It is noted that in these tests fan power was not linked to sprinkler activation, but was manually controlled to study the impact of fan shut-off time on fire spread. During both tests the fan was not shut off during sprinkler activation.

These two tests again confirmed HVLS fans will impact the performance of sprinkler systems negatively protecting high-piled combustible storage.

HVLS full-scale fire test for rack storage loaded with pallets and cardboard boxes with Group A plastics
(Fire Test Demonstration at Underwriter Laboratories, June 2009). Video courtesy of NFPA

Both tests received a “passing grade” for the fire scenarios investigated. When the ignition source was placed under the tip of the HVLS fan blades, the sprinkler system could suppress the fire. In this test three ESFR sprinklers operated. However, when the ignition source was centered directly beneath the HVLS fan, the fire could only by be “controlled” by eight ESFR sprinklers (but not “extinguished”), despite the fact that almost 3x times (i.e., 8 vs. 3 heads) as many sprinkler heads opened when compared to the previous test. The test received a ‘pass’, because the total number of sprinklers activated during the test was less than 12, which is an established design criterion for ESFR systems.
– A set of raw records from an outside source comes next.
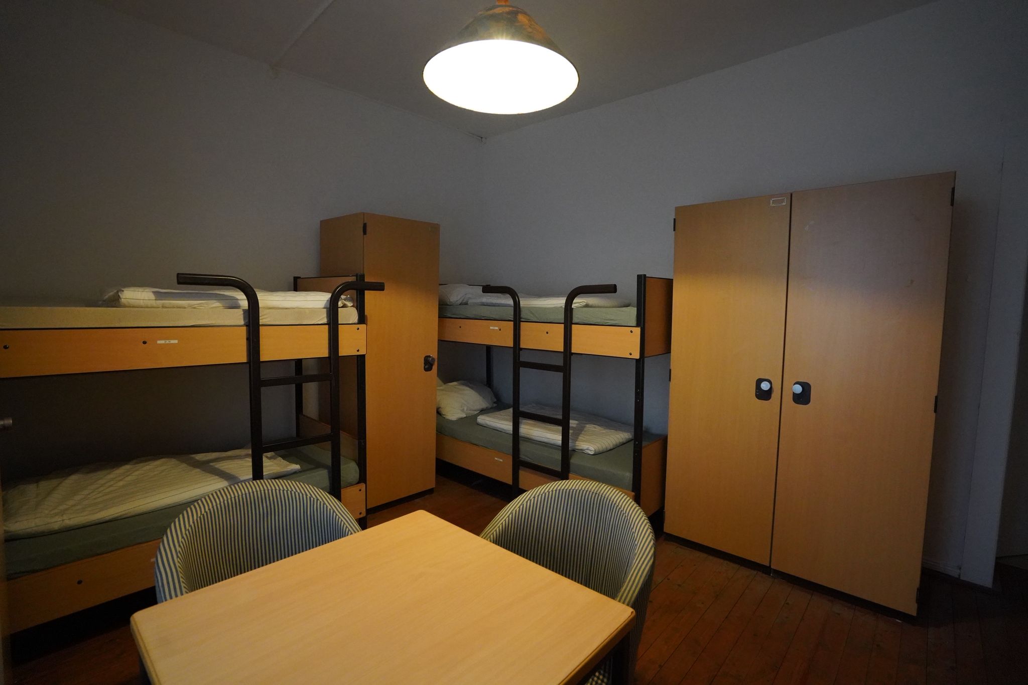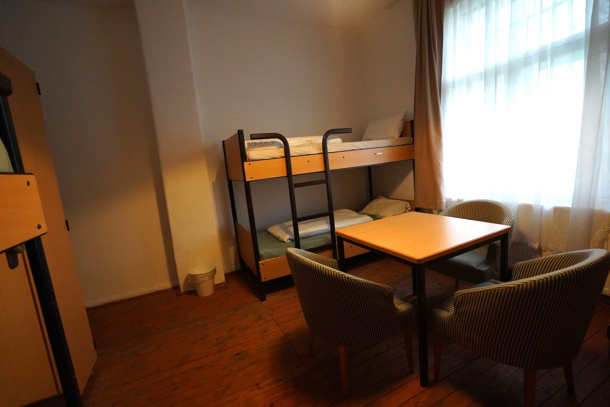 Zimmer mit 3 Betten. Gemeinschaftsbäder auf den Fluren.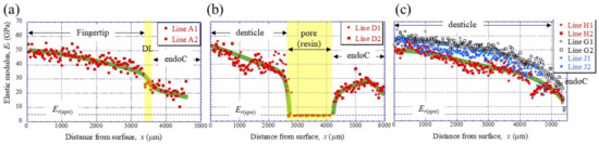 To clarify the denticle size dependence on hardness, the change in mechanical properties, HIT and Er, along the thickness from the outer surface to the inner surface on the pinching side, was investigated through nanoindentation testing. Figure 3c,d shows the distribution of HIT along lines D1, D2 (small denticle), lines H1, H2 (medium denticle), and lines G1, G2 and J1, J2 (large denticles). For comparison, the results for lines A1 and A2 of the fingertip are shown in Figure 3b. Here, the two lines are parallel and separated by more than 50 μm at each thickness. In the fingertip (Figure 3b), the HIT gradually decreased from 2.5 GPa, decreased abruptly at the discoloration line (DL), and then gradually decreased again. The HIT in the small denticle (Figure 3c) decreased gradually from 2–2.5 GPa and then decreased abruptly as it approached the pore. In the medium and large denticles (Figure 3d), the HIT gradually decreased until the inner surface, like the changes, until the DL of the fingertip. The HIT of the two large denticles (lines G1, G2, and J1, J2) was almost the same and larger than that of the medium denticle (lines H1, H2). The results for the Er, which showed changes similar to those for the HIT, are summarized in Figure 4.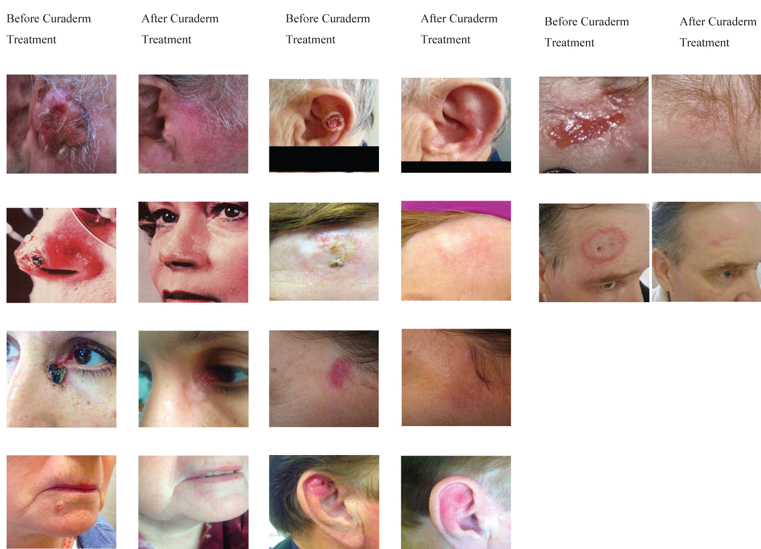 Figure 7: Examples of poor treatment prognoses of BCC lesions due to size, type, depth, previous failure by other treatment modalities and location (column, Before Curaderm Treatment) and the impressive cosmetic outcomes of Curaderm therapy by simple topical application (column, After Curaderm Treatment). Curaderm-treated lesions did not recur for at least 5 years follow-up.
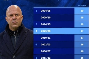 本世纪利物浦单赛季输球场次榜:最多19场,本赛季已17场排第四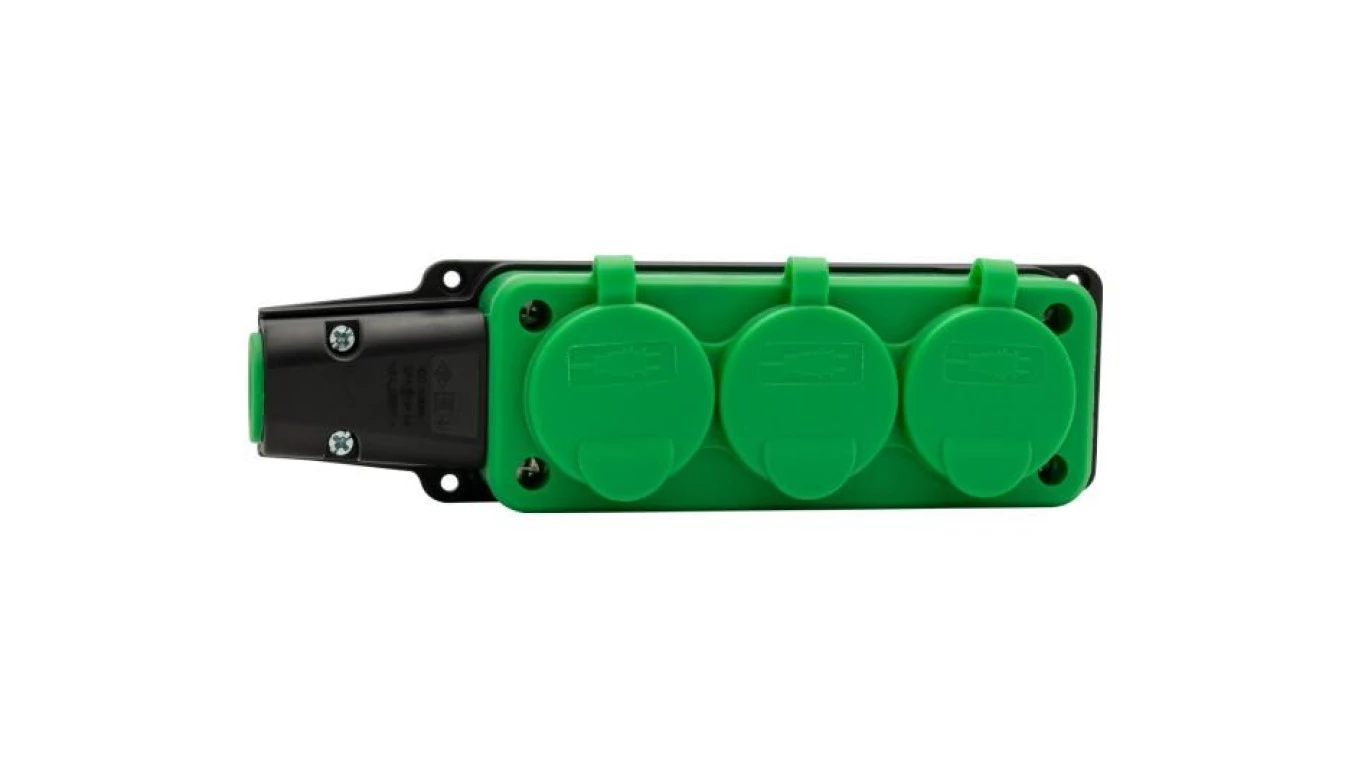 Listwa gumowa 3x230V 16A IP54 SCHUKO zielona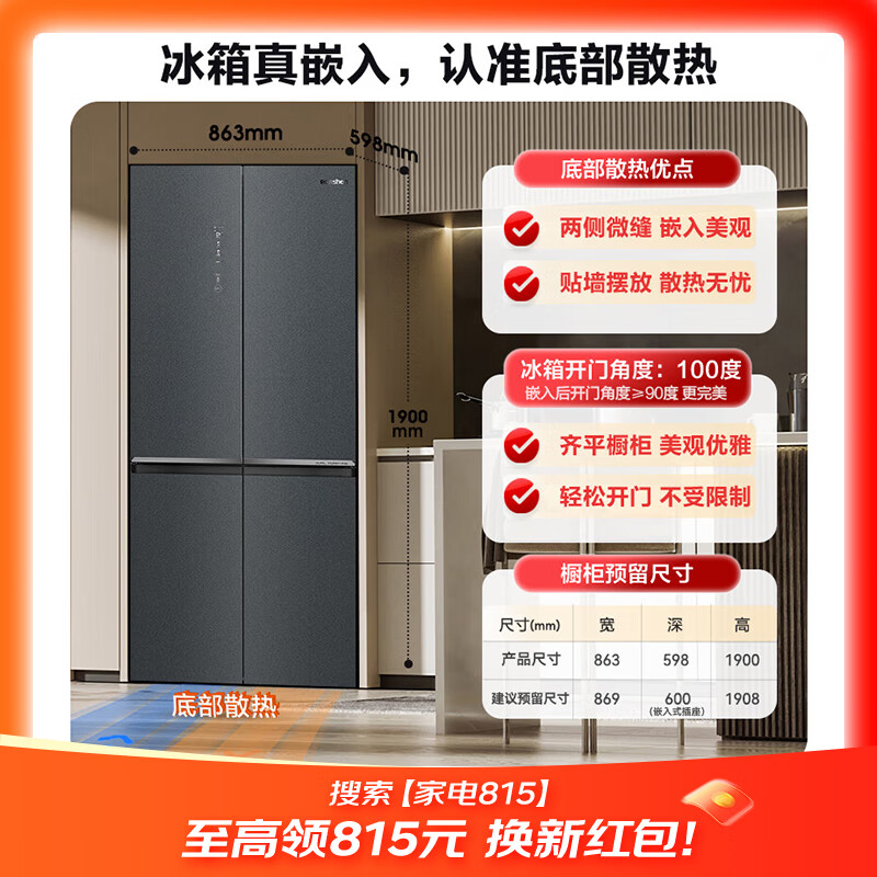 容声(Ronshen)510升变频一级能效十字对开门四开门电冰箱家用风冷无霜BCD-510WSK1FPCZA价格:7999.00元!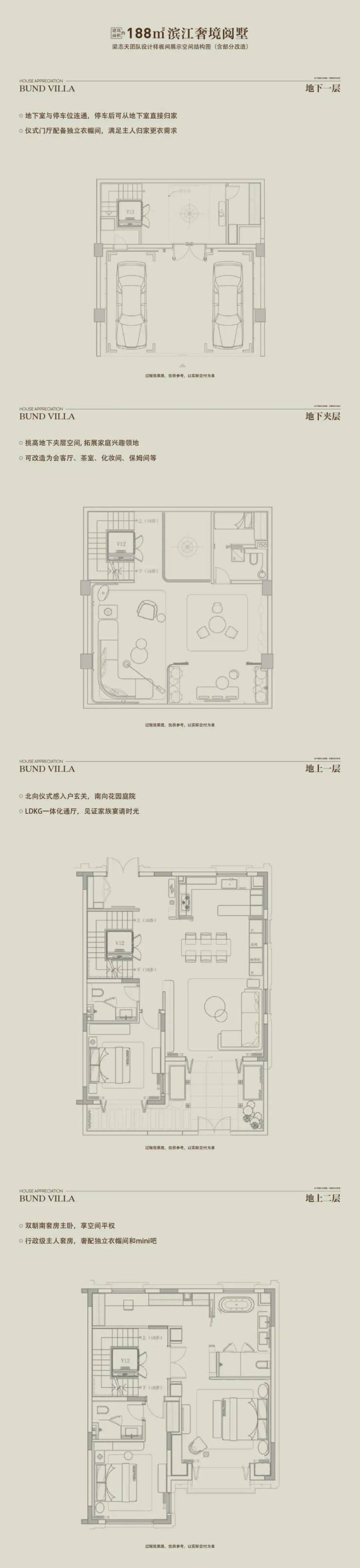 320㎡独栋墅品:拥80㎡私家庭院,部分房源可远眺江景,预留电梯井道与泳池位置,阁楼可改造成艺术工作室,是塔尖人群的传世之选。

These test results demonstrated that a HVLS fan, depending on its location, can effectively shield the fire from the ESFR sprinkler discharge due to the fan-induced airflow. This became especially apparent within the lower tiers of the storage array where the fire burned with high intensity and was not well controlled by the sprinkler discharge.

Based on these test results, the final conclusion was that HVLS fans did not affect the performance of the ESFR sprinklers unacceptably.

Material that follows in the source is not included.